Fig. 6 The chemical shift difference (Δδ) of xenon signal from microporous and mesoporous domains of MZSM-5-A and MZSM-5-B with temperature.

Based on the above observations, the mesopores can be generated in the synthesized ZSM-5 samples, and the usage of different mesopore directing agents in the starting synthesis mixtures results in a difference in the interconnectivity between micropores and mesopores, which may further give rise to the differences in catalytic performances.

3.3 Chemical environments of silicon and aluminum atoms

²⁹Si MAS NMR and ²⁷Al MAS NMR were employed to determine the local coordination environments of silicon and aluminum and the SiO₂/Al₂O₃ ratio. Fig. 7 illustrates the ²⁹Si MAS NMR spectra of conventional ZSM-5, MZSM-5-A, and MZSM-5-B. Four peaks are recorded in the spectrum of conventional ZSM-5 after deconvolution. The peaks at −113 and −107 ppm are related to the Si(0Al) (Q⁴) and 3Si(1Al) species, respectively. The signal at −117 ppm is attributed to the crystallographically inequivalent Si(0Al) (Q⁴) sites, while the signal with low intensity at −100 ppm is normally associated with a silanol group ((SiO)₃SiOH, Q³).²² Compared with conventional ZSM-5, in the spectra of MZSM-5-A and MZSM-5-B, the peaks at −113, −117 and −107 ppm representing two Si(0Al) and 3Si(1Al) species also appear in high intensity. However, the two silanol groups, (SiO)₃SiOH (Q³) and (SiO)₂Si(OH)₂ (Q²), at −100 and −93 ppm, which present a very low intensity or are absent in the spectrum of a conventional ZSM-5, appear with relatively high intensity in the spectra of MZSM-5-A and MZSM-5-B. The large amounts of silanol groups possibly come from the mesoporous surface in MZSM-5-A and MZSM-5-B.

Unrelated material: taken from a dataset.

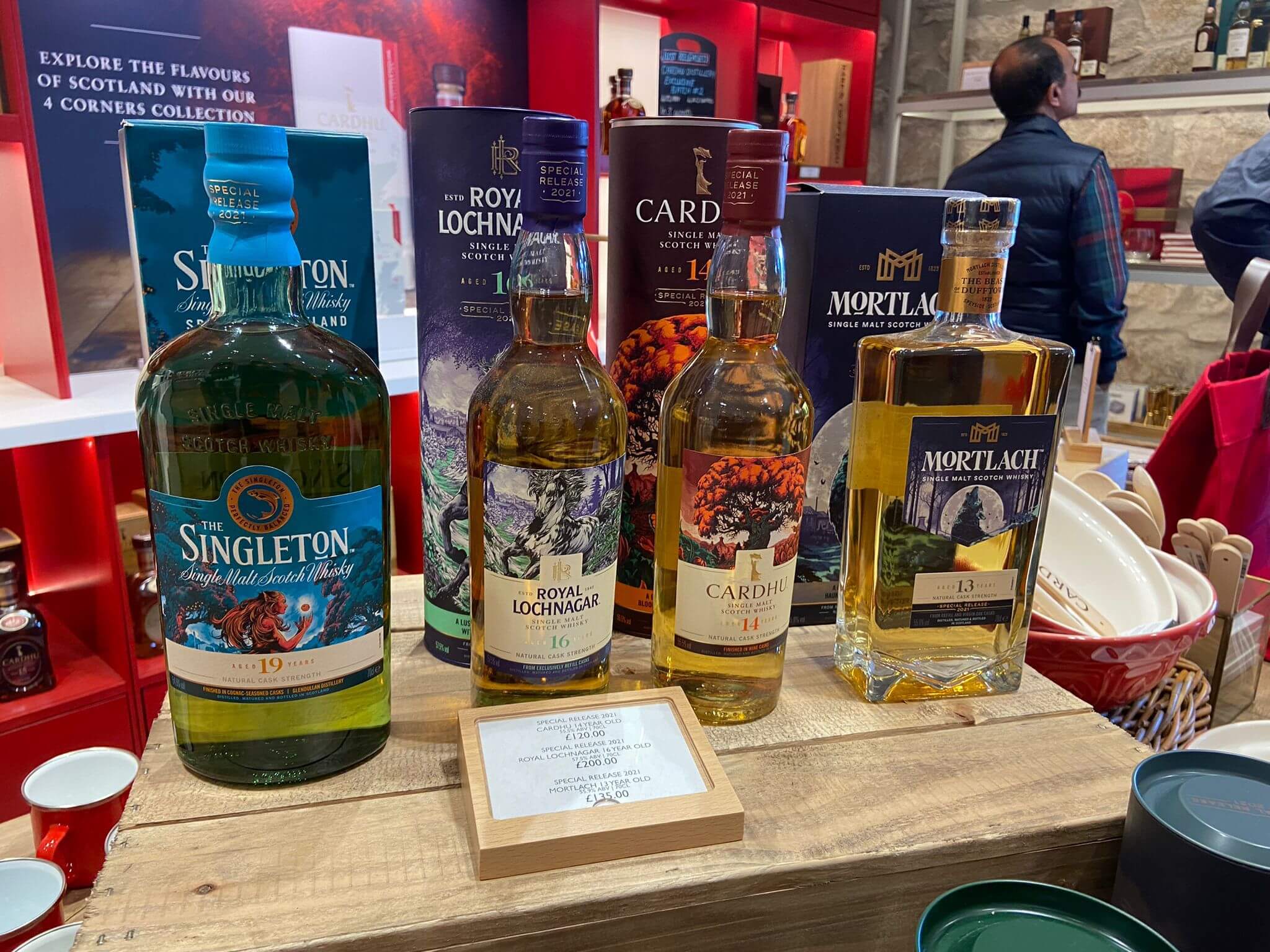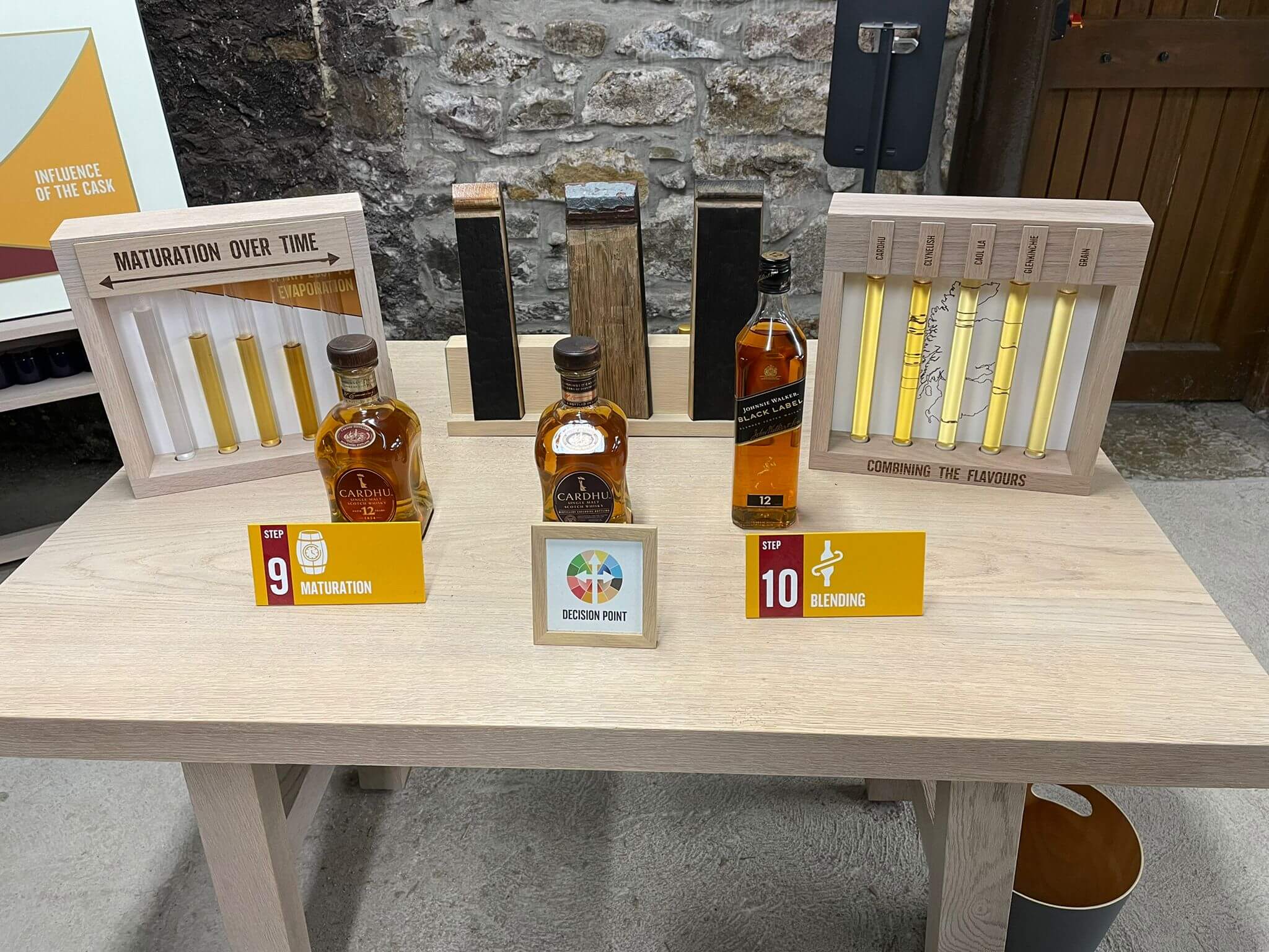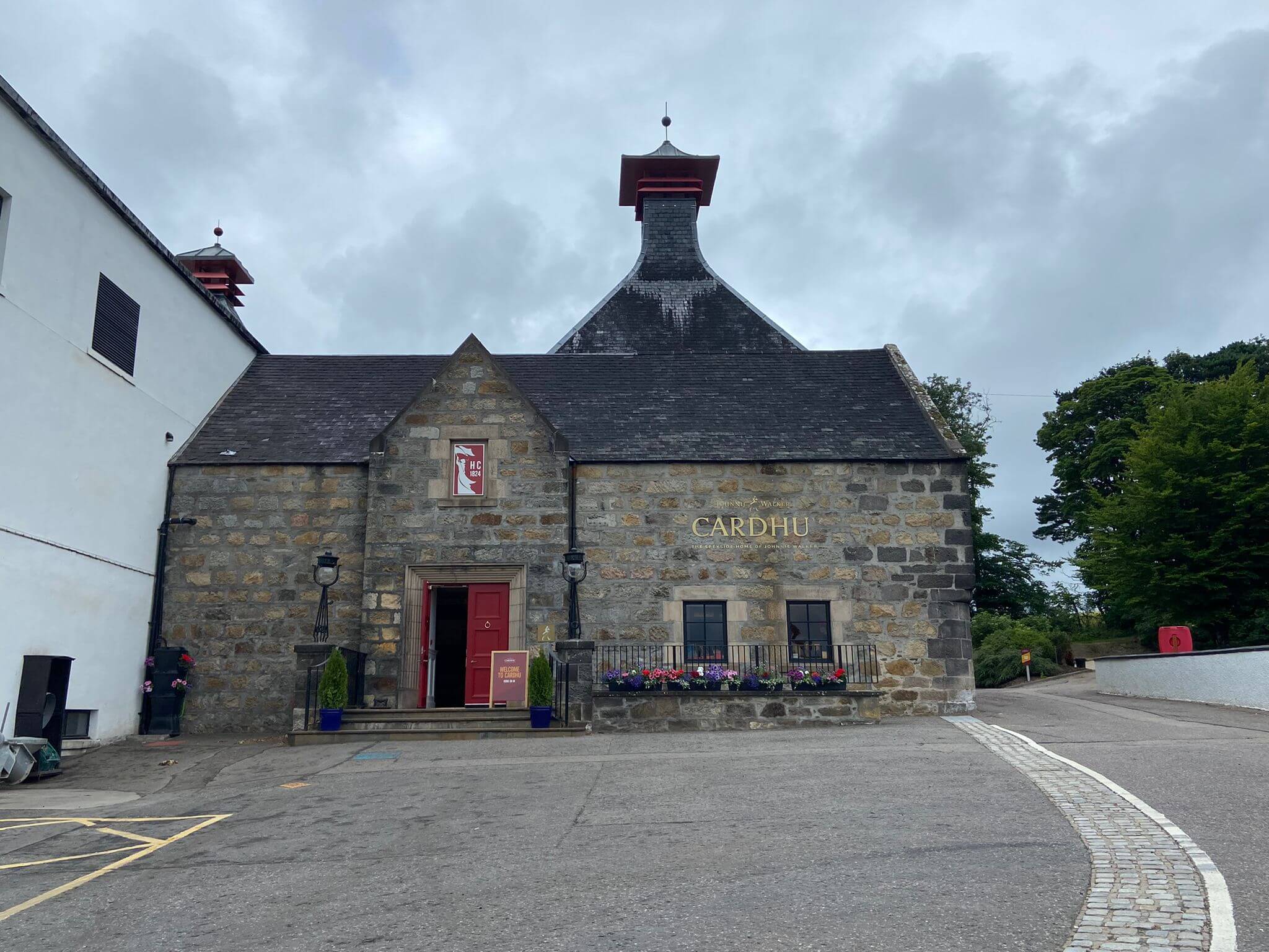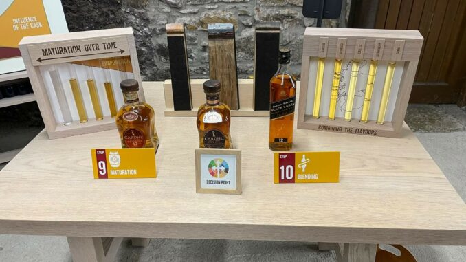 Obwohl eigentlich bei Planung der Reise keine Führung in einer Whisky Destillery stattfinden konnte, so ist es heute doch möglich. Nach einigen Telefonaten haben wir einen Termin bei Cardhu Distillery. Wir fahren also am Morgen in die Region der Destillerien. Wir sehen Chivas, Glenfiddich, Glenlivet und andere. Schließlich erreichen wir Cardhu. Wir werden erwartet und bald beginnt unsere Führung mit einem Film über die Entstehungsgeschichte der uns so bekannten Firma, die u.a. den berühmten Johnny Walker hervorbringt.

Fig. 7 ²⁹Si MAS NMR spectra of conventional ZSM-5, MZSM-5-A, and MZSM-5-B.

The SiO₂/Al₂O₃ ratios of ZSM-5, MZSM-5-A and MZSM-5-B calculated based on the ²⁹Si MAS NMR spectra are listed in Table 1. The SiO₂/Al₂O₃ ratios of ZSM-5 and MZSM-5-A are both slightly higher than that of the synthesis gel and the SiO₂/Al₂O₃ ratio of MZSM-5-B is very close to that of the synthesis gel.

²⁷Al MAS NMR spectra of all the three samples are illustrated in Fig. 8. Two peaks appear in the spectrum of conventional ZSM-5. One peak centered at ∼55 ppm corresponds to the tetrahedral aluminum from the framework aluminum species. The other peak, centered at ∼0 ppm with low intensity, is ascribed to the octahedral aluminum, which is generally associated with the non-framework aluminum species. The generation of mesopores in ZSM-5 gives rise to the intensity increase of the signal at 0 ppm, corresponding to a reduction of the relative crystallinity in the XRD patterns. One new peak centered at ∼27 ppm was also observed in MZSM-5-A and MZSM-5-B, which can be attributed to penta-coordinated aluminum species.^55–57 The penta-coordinated aluminum species may be associated with the framework Al species perturbed by the less ordered environments of mesoporous ZSM-5 samples.

Fig. 8 ²⁷Al MAS NMR spectra of conventional ZSM-5, MZSM-5-A, and MZSM-5-B.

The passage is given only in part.